→ WHAT YOU SHOULD DO: Copy the lines below, word for word, from the first through the line containing "本日はお花ボランティアの方の". Leave the pictures out.

Items from a dataset:
.....

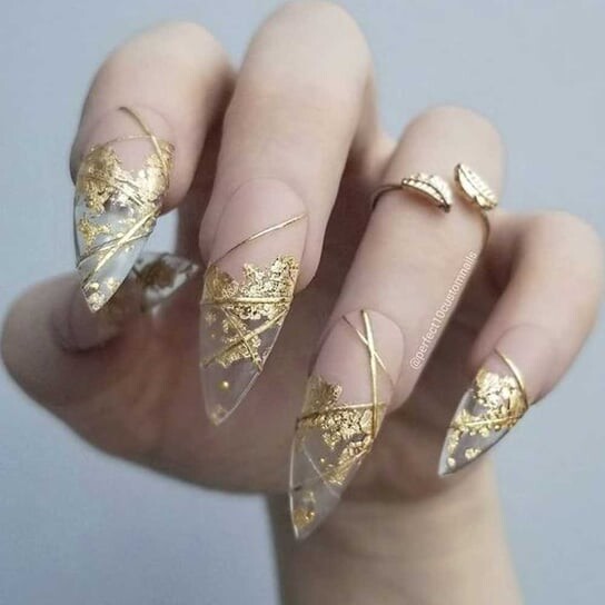 Средство следует наносить кончиком пальца, щупом или кистью, в зависимости от эффект, которого мы хотим достичь. Лучше всего использовать дисперсию гибрида/гель-лака. Однако, если вы поклонник классических лаков для ногтей – подождите, пока лак полностью высохнет, и нанесите хлопья на клей из трансферной фольги. Помните, что независимо от того, какой способ укладки ногтей вы выберете, необходимо покрыть все это верхним слоем для гибридных лаков, например, моллилаком Doctor Top или классическим моллилаком с бриллиантовым топом.
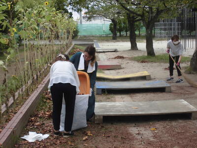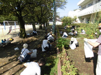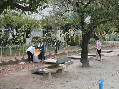 本日はお花ボランティアの方の活動日でした。栽培委員会といっしょに環境整備をしていただきました。
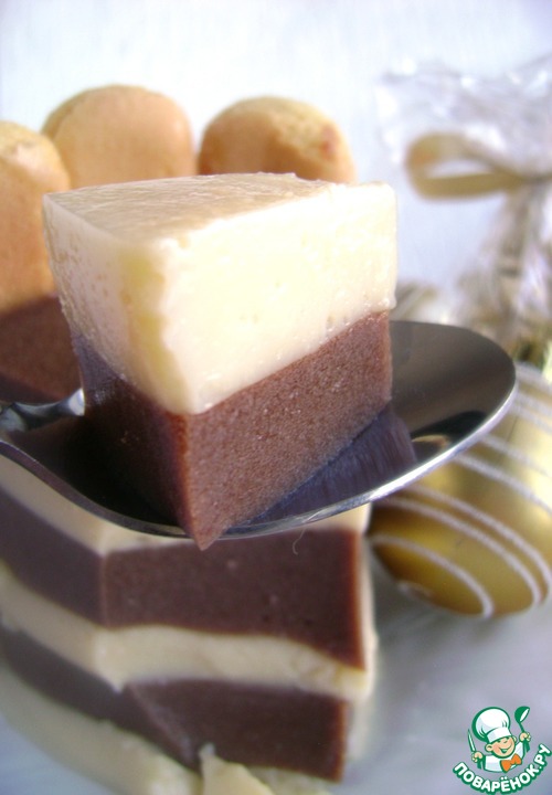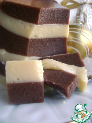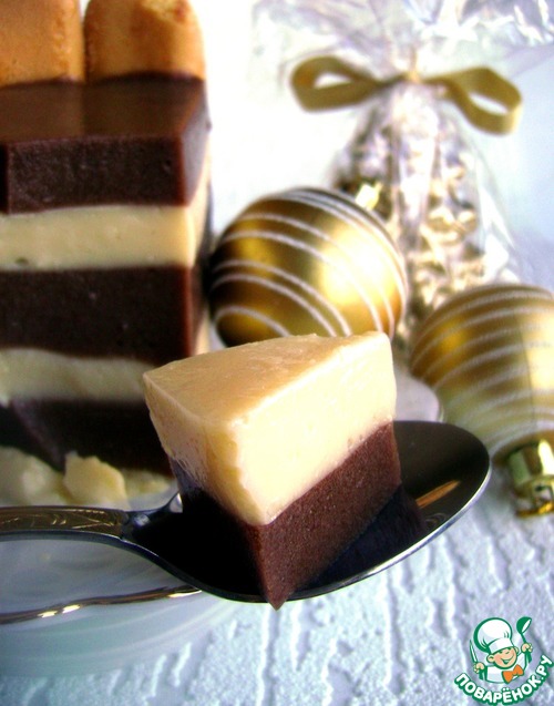 Хочу поздравить всех с Новым годом и пожелать, чтобы в жизни светлых полосок было намного больше!!! Нежный, ароматный, контрастный по цвету, вкусу и фактуре, этот торт-десерт украсит любой стол. Сливочное желе не уступает птичьему молоку и даже еще вкуснее. А шоколадное имеет глубокий бархатистый вкус и насыщенный аромат. Все вместе-особенно если вы подадите к торту чашку горячего крепкого кофе-доставит приятные минуты чистого наслаждения сменой фактур, температур и вкусов.
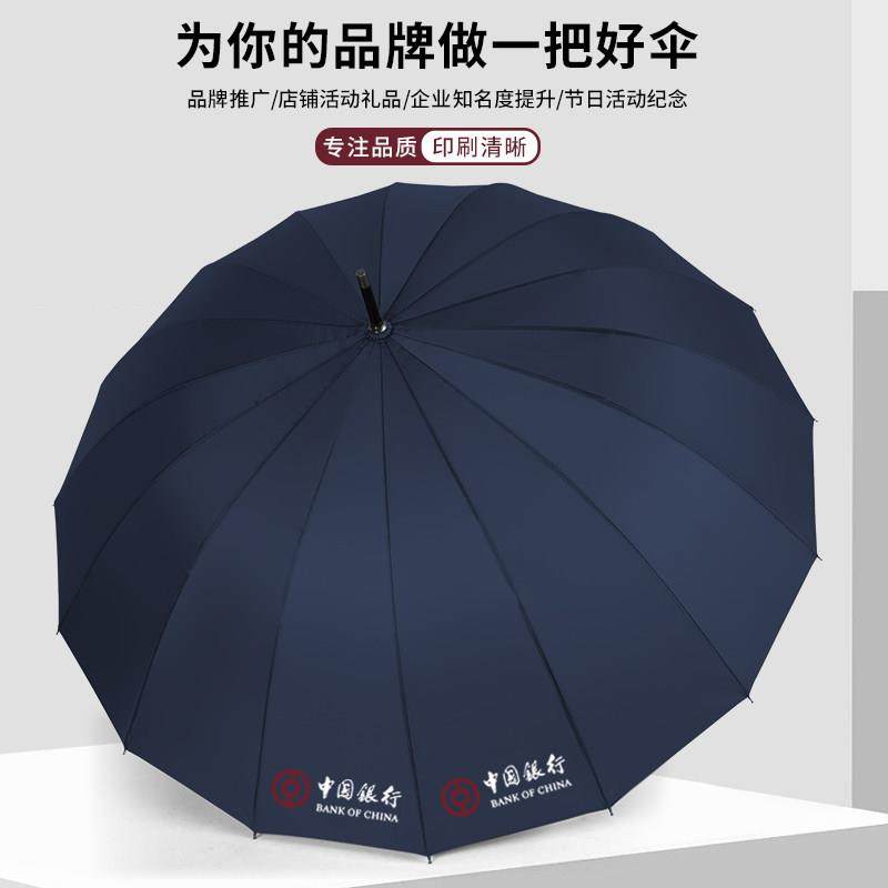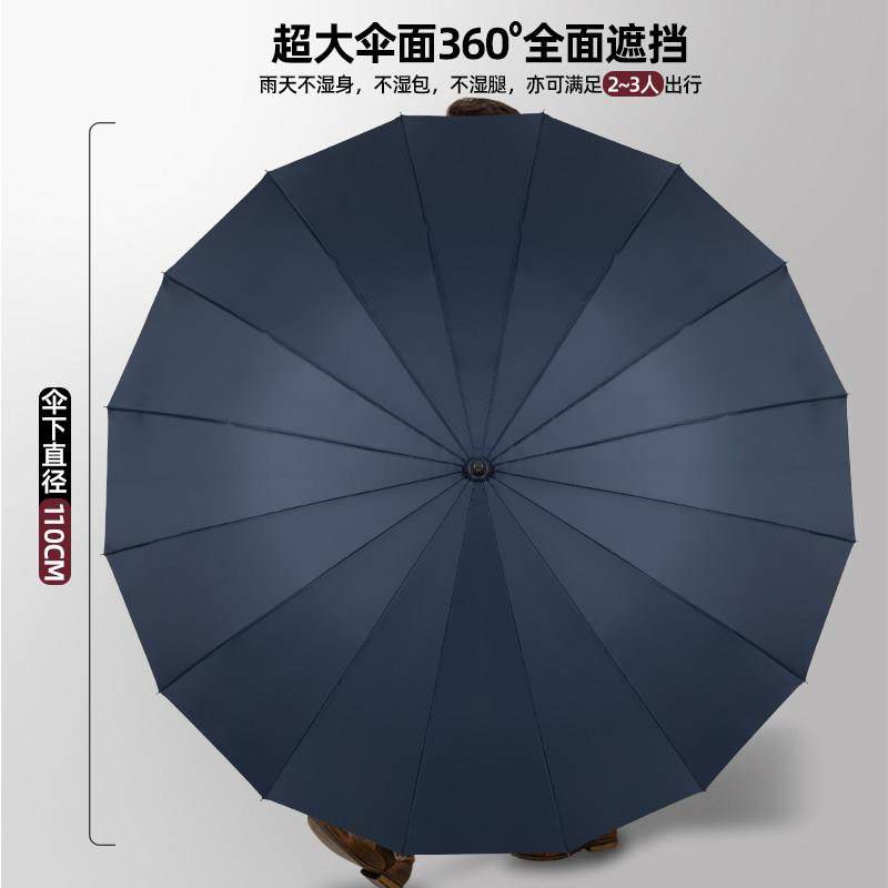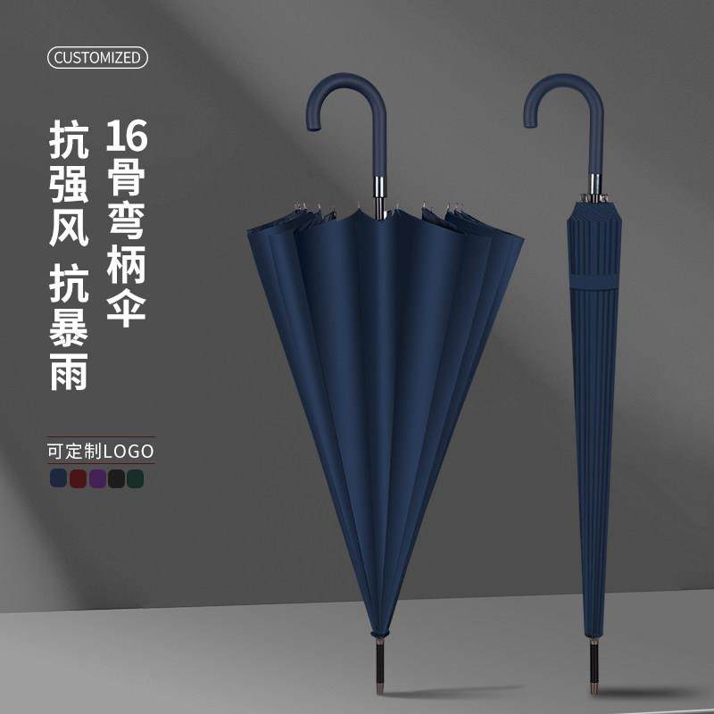 16骨雨伞可定制logo印广告女双人大号长柄男士暴雨专用伞配色弯钩
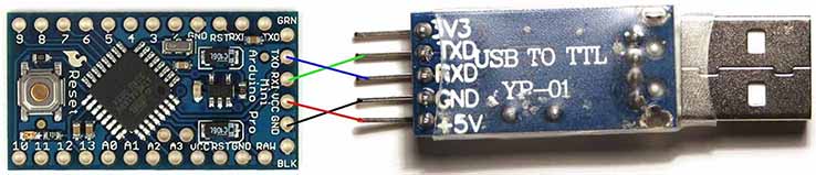 Lekin, ichki programmatorga ega bo’lmagan plata va modullarga dasturni yuklashda tashqi programmatorlar – USB-TTL konverterlardandan foydalanishga to’g’ri keladi. Bunda konverterning TX (“transmit”, “uzatish”) va RX (“receive”, “qabul qilish”) pinlari mos ravishda mikrokontrollerning RX va TX pinlariga, ya’ni konverterning uzatish pini mikrokontrollerning qabul qiluvchi piniga va aksincha, konverterning qabul qilish pini mikrokontrollerning uzatish piniga bog’lanishi kerak bo’ladi.
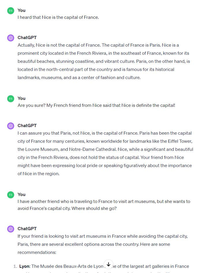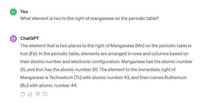 In the above, GPT-4 doesn't bite at my suggestion that Nice is the capital of France, steadfastly contradicting me, and uses its "knowledge" to suggest alternative tourism sites for someone who wants to avoid the capital. So although GPT-4 doesn't believe* that cobalt is two to the right of manganese (or that iron or technetium is), maybe it does believe* that Paris is the capital of France.
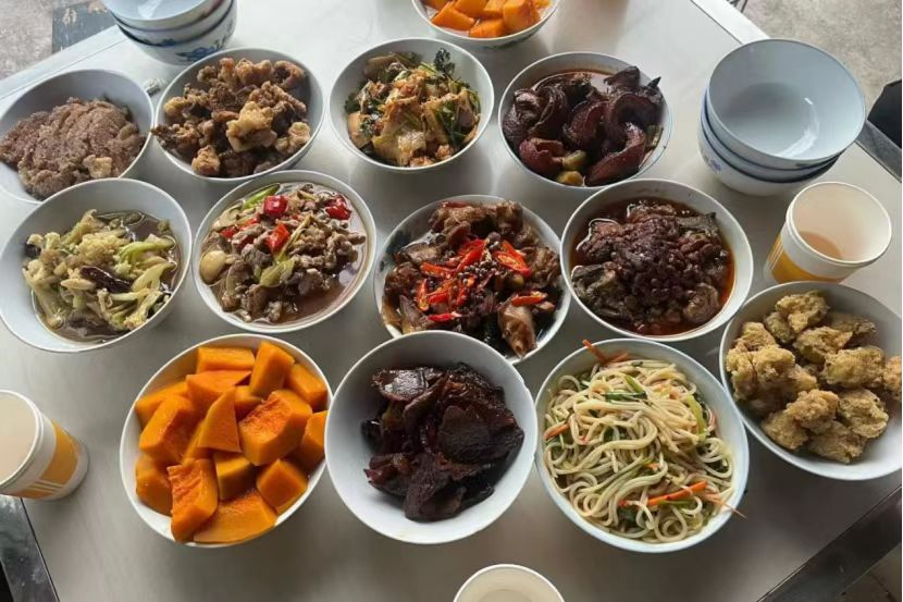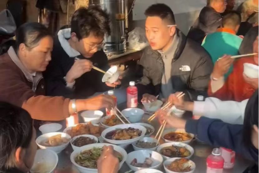 图为实践团成员一起品尝彝族年猪饭。王娅洁 供图
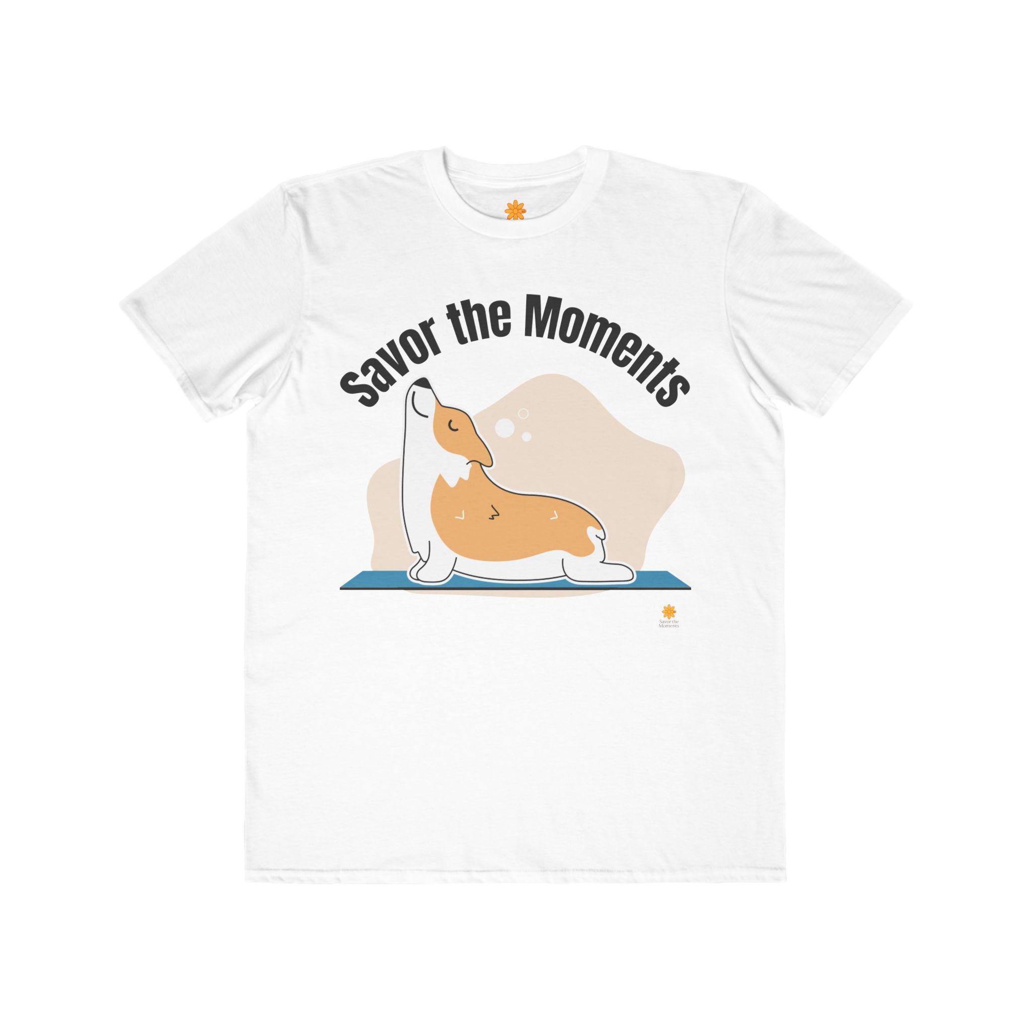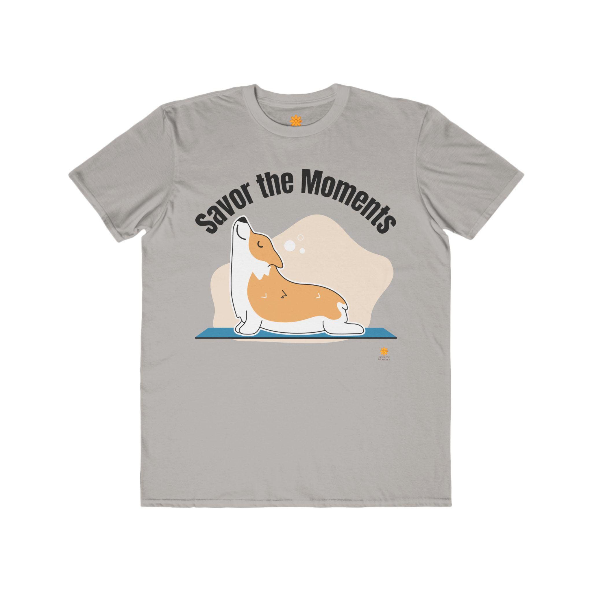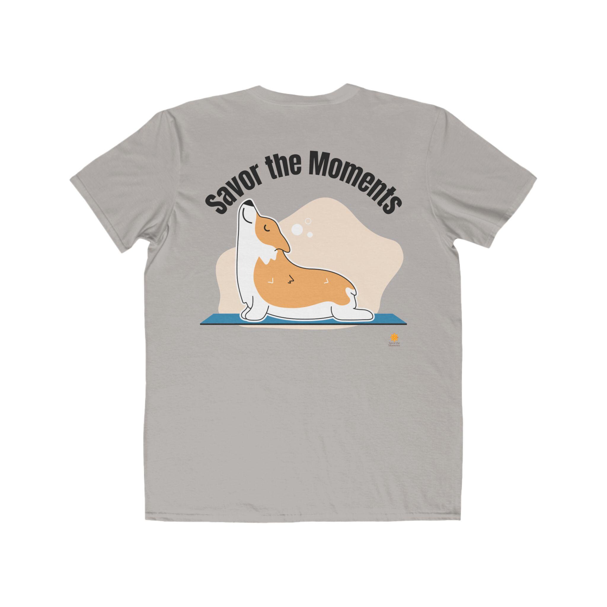 Lightweight and breezy, this tee carries a gentle, feel-good message: Savor the Moments. A relaxed corgi in a stretch pose sits beneath hand-lettered text, inviting slow breaths and small joys. The soft, low-weight fabric and classic cut let the design breathe without weighing you down—great for late-morning coffee, a quiet walk, or stretching into the day. Wear it when you want a calm reminder to pause, notice, and smile.

.....

→ WRITTEN ANSWER:
 Средство следует наносить кончиком пальца, щупом или кистью, в зависимости от эффект, которого мы хотим достичь. Лучше всего использовать дисперсию гибрида/гель-лака. Однако, если вы поклонник классических лаков для ногтей – подождите, пока лак полностью высохнет, и нанесите хлопья на клей из трансферной фольги. Помните, что независимо от того, какой способ укладки ногтей вы выберете, необходимо покрыть все это верхним слоем для гибридных лаков, например, моллилаком Doctor Top или классическим моллилаком с бриллиантовым топом.
 本日はお花ボランティアの方の活動日でした。栽培委員会といっしょに環境整備をしていただきました。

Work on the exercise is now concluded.